START Stored data

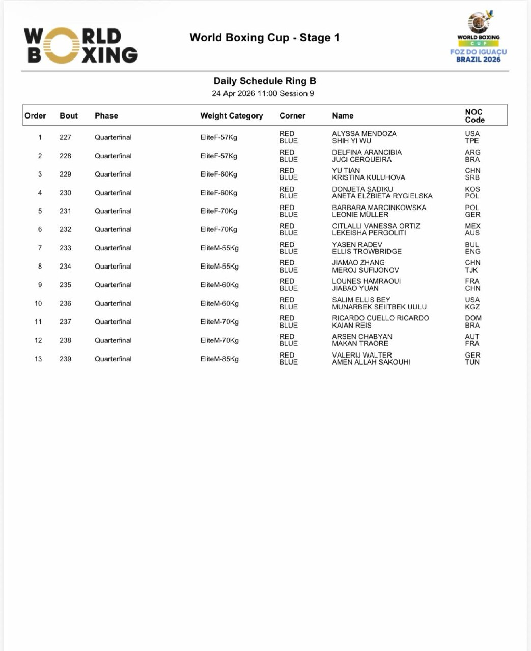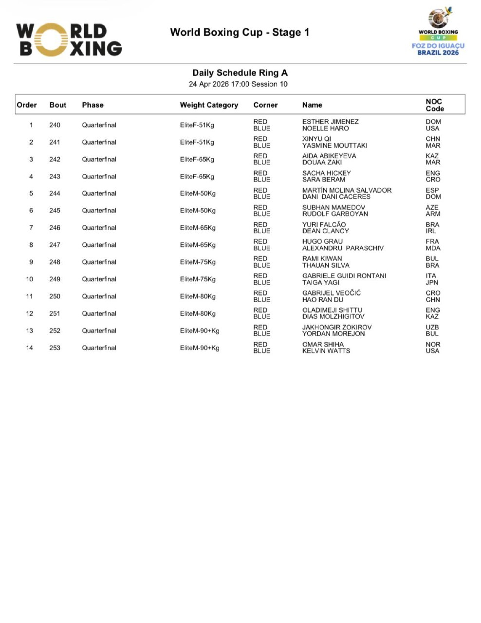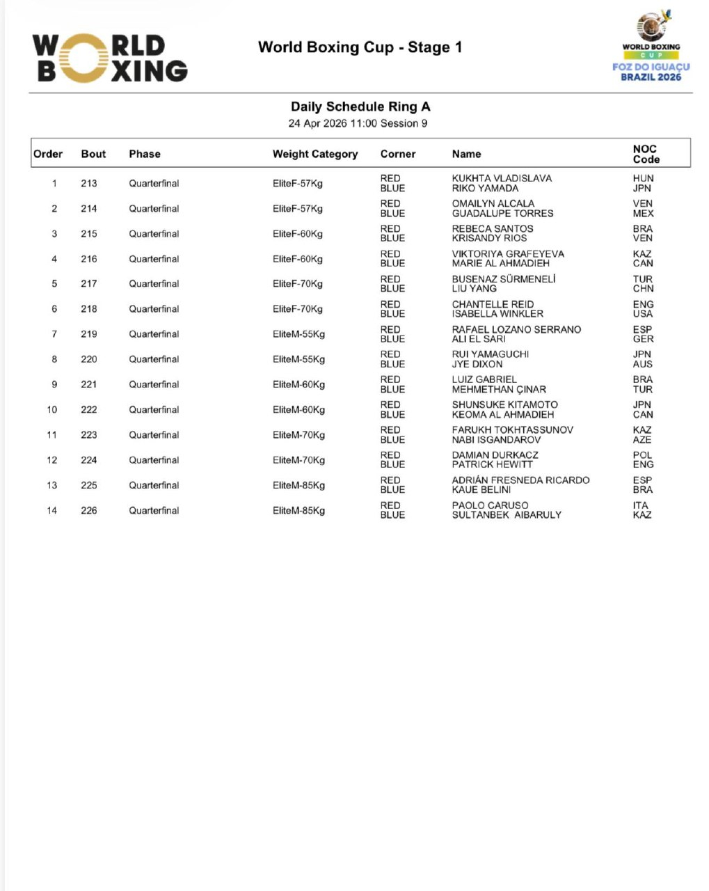 Расписание боев этапа Кубка мира в Бразилии - 24 апреля, вечерняя сессия
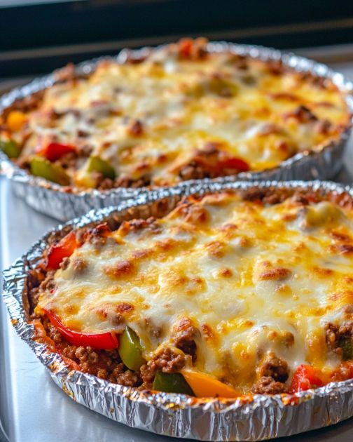 Divide the beef and pepper mixture evenly into two individual-sized aluminum foil pans.
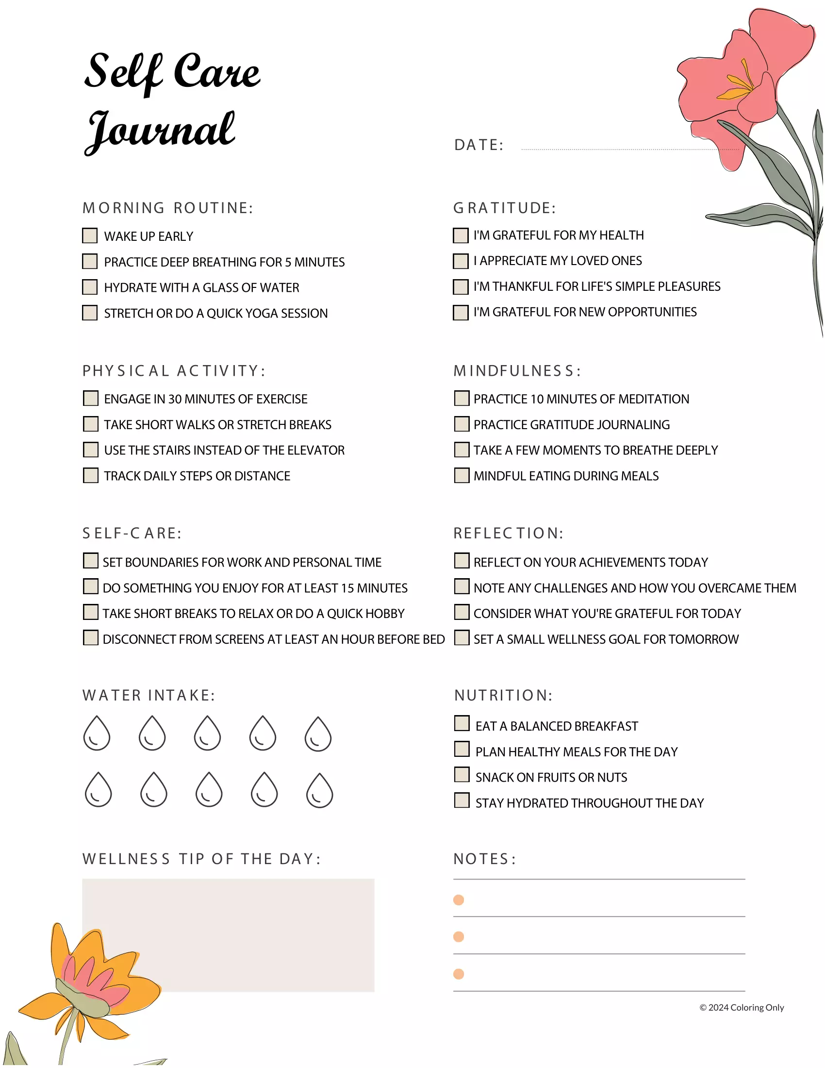 : Download Printable Self Care Journal (1) Coloring Page
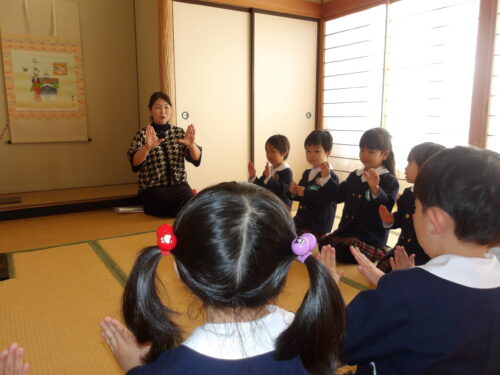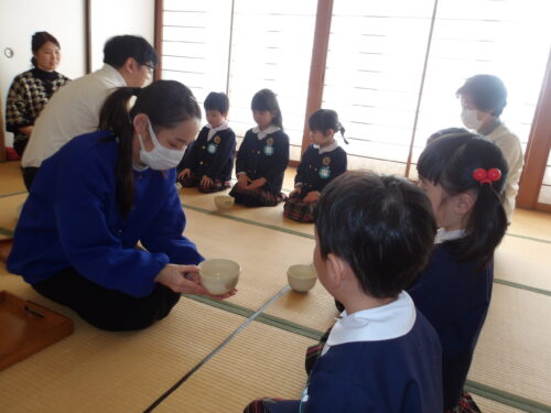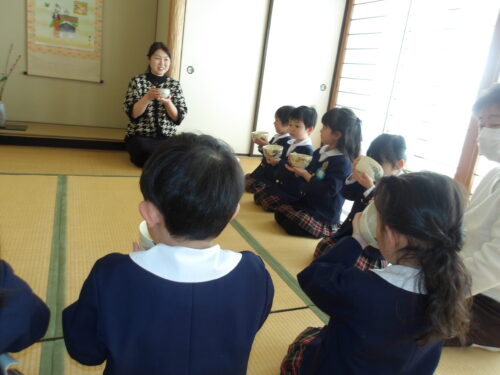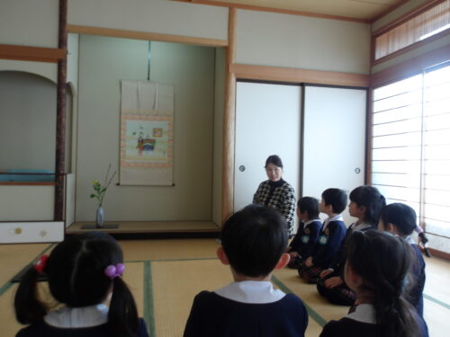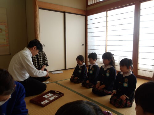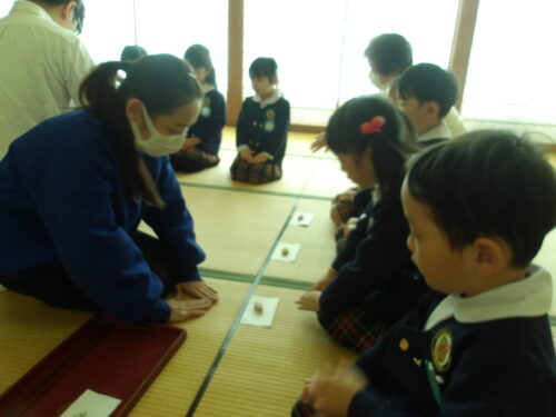 本日、こどもの国幼稚園年中組が初めての茶道の時間に参加しました。
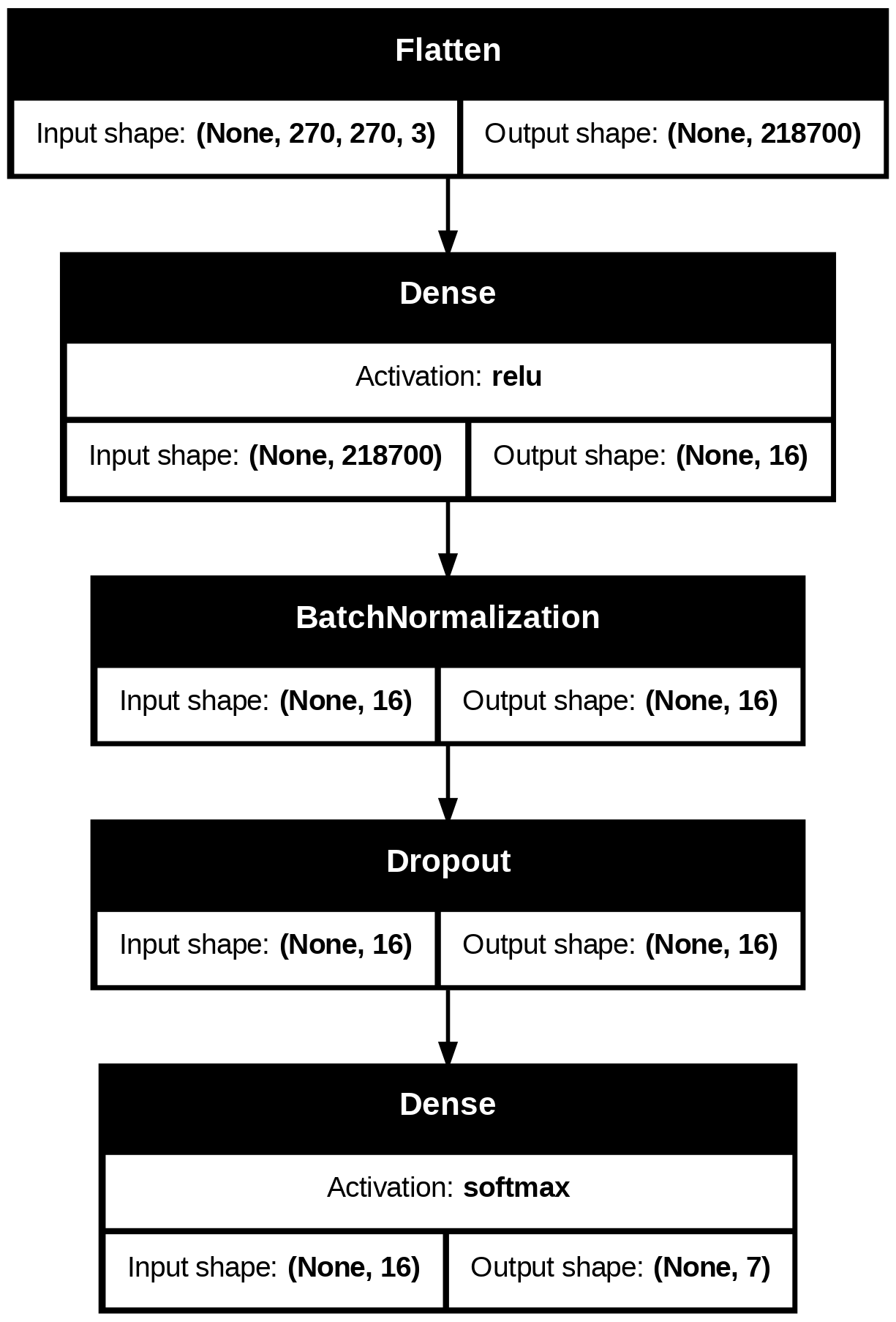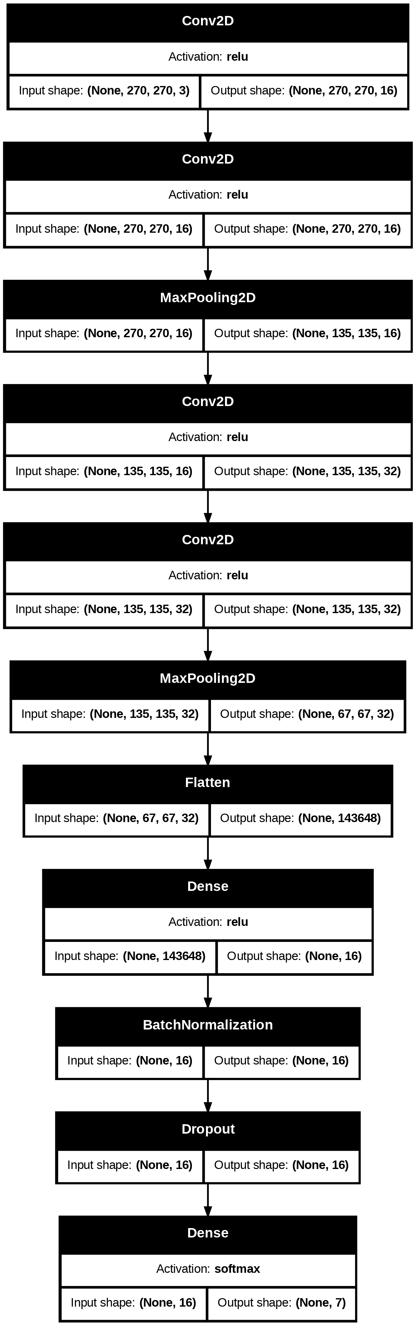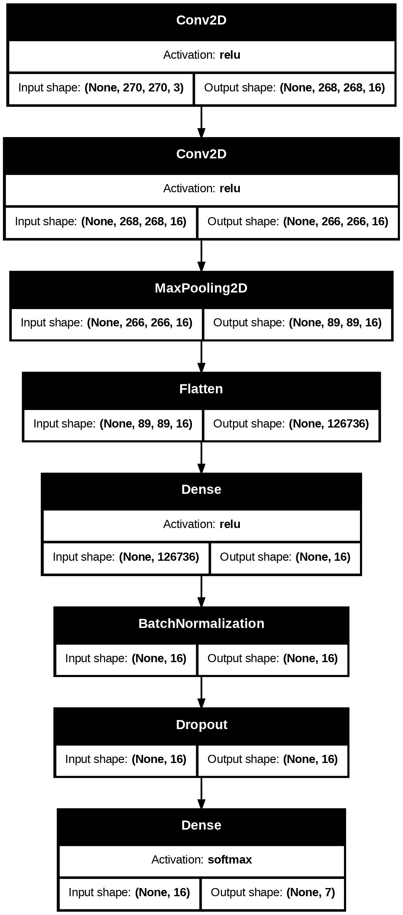 To establish a baseline, first a single dense layer is fit, not leveraging any of the typical tools used in image analysis with neural networks. Next, a simple convolutional network is fit, employing two convolutional layers fed into max pooling layer, ultimately ending with a dense layer taking the pooling layer as input and outputting to the seven node output layer. With these baselines established, tools from the famous neural network architectures VGG-16
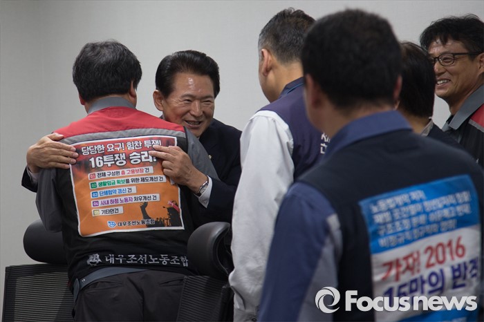 (서울=포커스뉴스) 김한표 새누리당 의원이 19일 오후 서울 여의도 국회 의원회관에서 열린 '조선업종노조연대 대표자들과 각 정당 의원 간담회'에 참석해 조선업종노조연대 대표자들과 인사하고 있다.
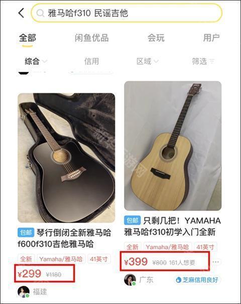(2)搜索宝贝的关键词,以“雅马哈f310型号的民谣吉他”为例,去看看差不多型号成色的宝贝别人卖多少钱,然后基于这个信息参考定价,可以预留10%左右的砍价空间。
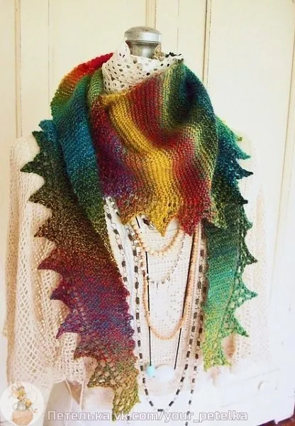 Бактус вяжется поперек, начиная с угла. Ажурная кайма вяжется одновременно с бактусом.
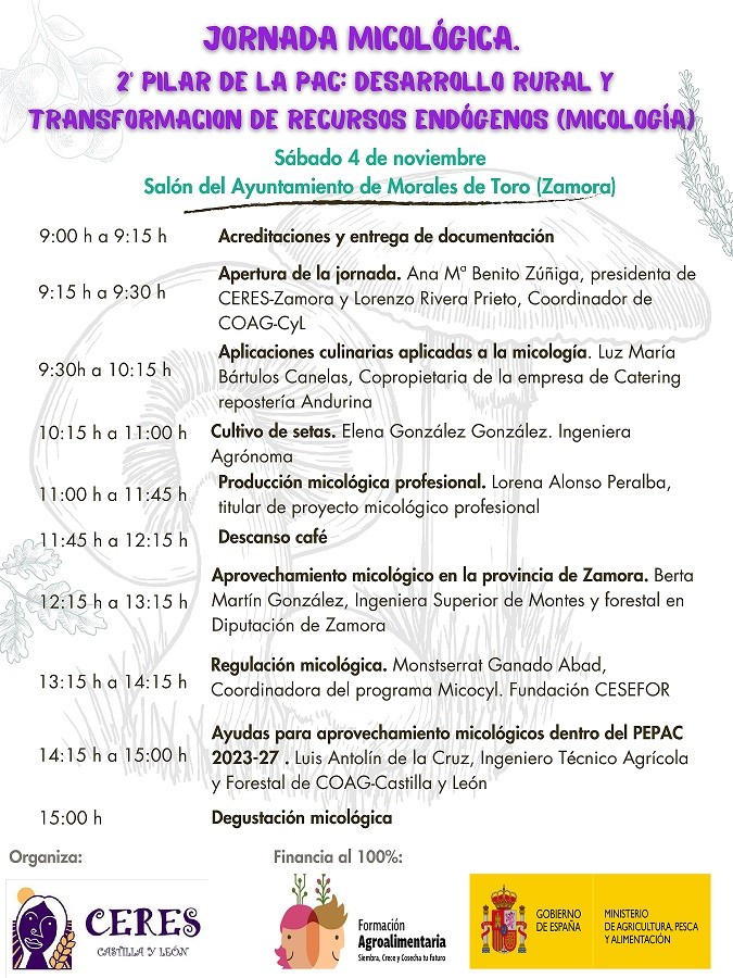 La jornada se desarrollará en el salón del Ayuntamiento de Morales de Toro y se extenderá desde las 9 de la mañana hasta las 3 de la tarde. El programa diseñado para este día es muy completo e incluye diversos aspectos relacionados con la profesionalización de la actividad micológica. Los temas a tratar abarcan el cultivo y las aplicaciones culinarias de las setas, la producción micológica profesional, la regulación micológica y las ayudas disponibles para el aprovechamiento micológico con los nuevos fondos de la PAC para el periodo 2023-27.
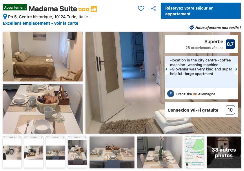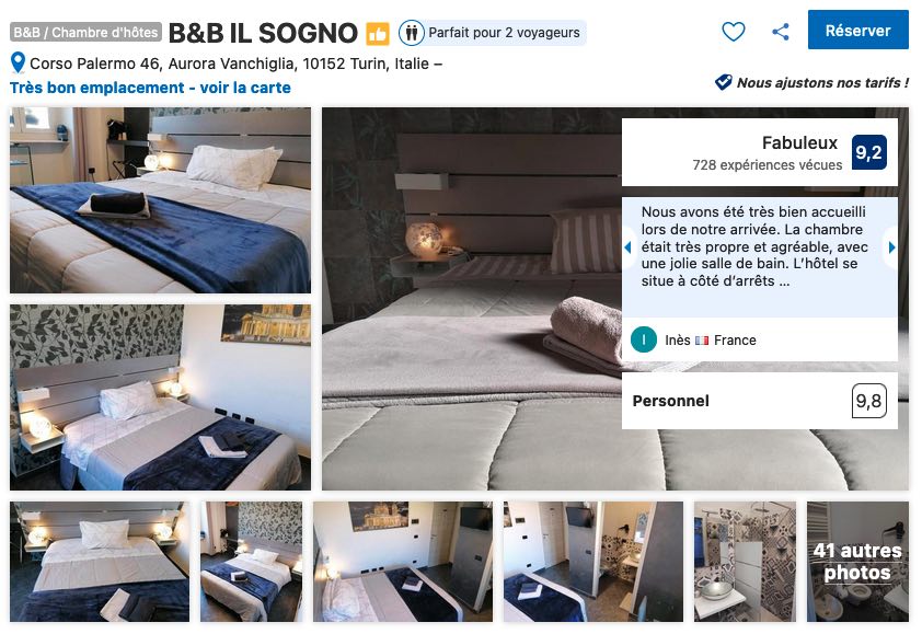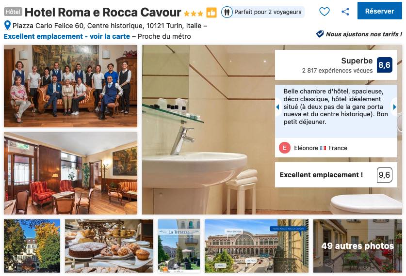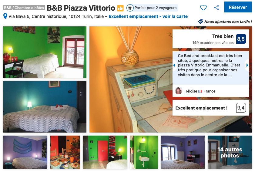 Attention, ce rapport qualité-prix lui vaut d’être souvent complet et pris d’assaut par les voyageurs qui auront pris les devants. Si vous voulez vous donner toutes les chances, je ne saurais que vous répéter de réserver vos nuits à Turin le plus tôt possible et dès la confirmation de vos billets d’avion ou de la date de votre départ.
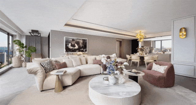 户内270°转角端厅巨幕视野,将窗外蓝天白云、葱翠园林及城芯璀璨霓光悉数尽揽。
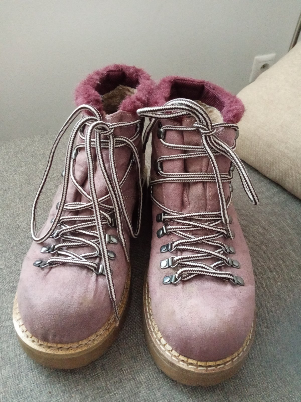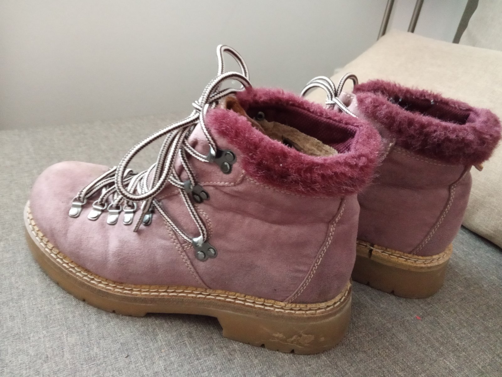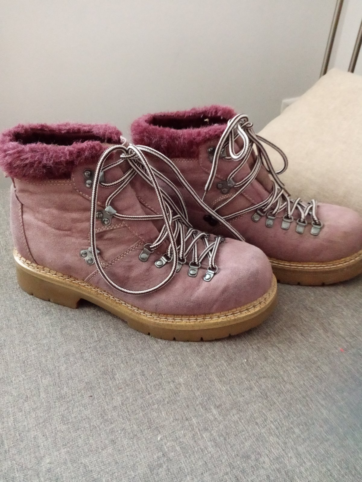Predám dievčenské zimné topánky na šnurovanie, zateplené, staroružovej farby, veľkosť 39, v zachovalom stave, trochu odraté vpredu, viď foto.

END Stored data

## Task prompt
Would you please repeat all the data word for word, but without the pictures?

## Completed exercise
 Расписание боев этапа Кубка мира в Бразилии - 24 апреля, вечерняя сессия
 Divide the beef and pepper mixture evenly into two individual-sized aluminum foil pans.
 : Download Printable Self Care Journal (1) Coloring Page
 本日、こどもの国幼稚園年中組が初めての茶道の時間に参加しました。
 To establish a baseline, first a single dense layer is fit, not leveraging any of the typical tools used in image analysis with neural networks. Next, a simple convolutional network is fit, employing two convolutional layers fed into max pooling layer, ultimately ending with a dense layer taking the pooling layer as input and outputting to the seven node output layer. With these baselines established, tools from the famous neural network architectures VGG-16
 (서울=포커스뉴스) 김한표 새누리당 의원이 19일 오후 서울 여의도 국회 의원회관에서 열린 '조선업종노조연대 대표자들과 각 정당 의원 간담회'에 참석해 조선업종노조연대 대표자들과 인사하고 있다.
(2)搜索宝贝的关键词,以“雅马哈f310型号的民谣吉他”为例,去看看差不多型号成色的宝贝别人卖多少钱,然后基于这个信息参考定价,可以预留10%左右的砍价空间。
 Бактус вяжется поперек, начиная с угла. Ажурная кайма вяжется одновременно с бактусом.
 La jornada se desarrollará en el salón del Ayuntamiento de Morales de Toro y se extenderá desde las 9 de la mañana hasta las 3 de la tarde. El programa diseñado para este día es muy completo e incluye diversos aspectos relacionados con la profesionalización de la actividad micológica. Los temas a tratar abarcan el cultivo y las aplicaciones culinarias de las setas, la producción micológica profesional, la regulación micológica y las ayudas disponibles para el aprovechamiento micológico con los nuevos fondos de la PAC para el periodo 2023-27.
 Attention, ce rapport qualité-prix lui vaut d’être souvent complet et pris d’assaut par les voyageurs qui auront pris les devants. Si vous voulez vous donner toutes les chances, je ne saurais que vous répéter de réserver vos nuits à Turin le plus tôt possible et dès la confirmation de vos billets d’avion ou de la date de votre départ.
 户内270°转角端厅巨幕视野,将窗外蓝天白云、葱翠园林及城芯璀璨霓光悉数尽揽。
Predám dievčenské zimné topánky na šnurovanie, zateplené, staroružovej farby, veľkosť 39, v zachovalom stave, trochu odraté vpredu, viď foto.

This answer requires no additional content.